→ **Exercise goal**
Report how many lines in the data include the string "trafficking", and add nothing else.

→ **Source data**
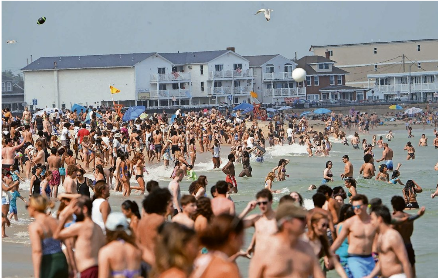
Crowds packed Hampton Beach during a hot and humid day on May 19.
--
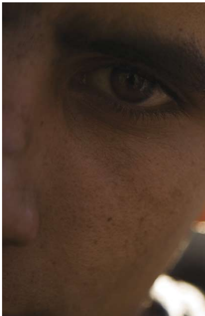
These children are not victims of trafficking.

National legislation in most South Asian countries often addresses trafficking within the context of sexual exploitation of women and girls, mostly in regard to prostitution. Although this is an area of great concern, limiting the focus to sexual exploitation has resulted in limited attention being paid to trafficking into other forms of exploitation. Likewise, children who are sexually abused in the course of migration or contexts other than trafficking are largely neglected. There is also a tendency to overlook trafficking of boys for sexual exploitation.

→ **Your solution**
2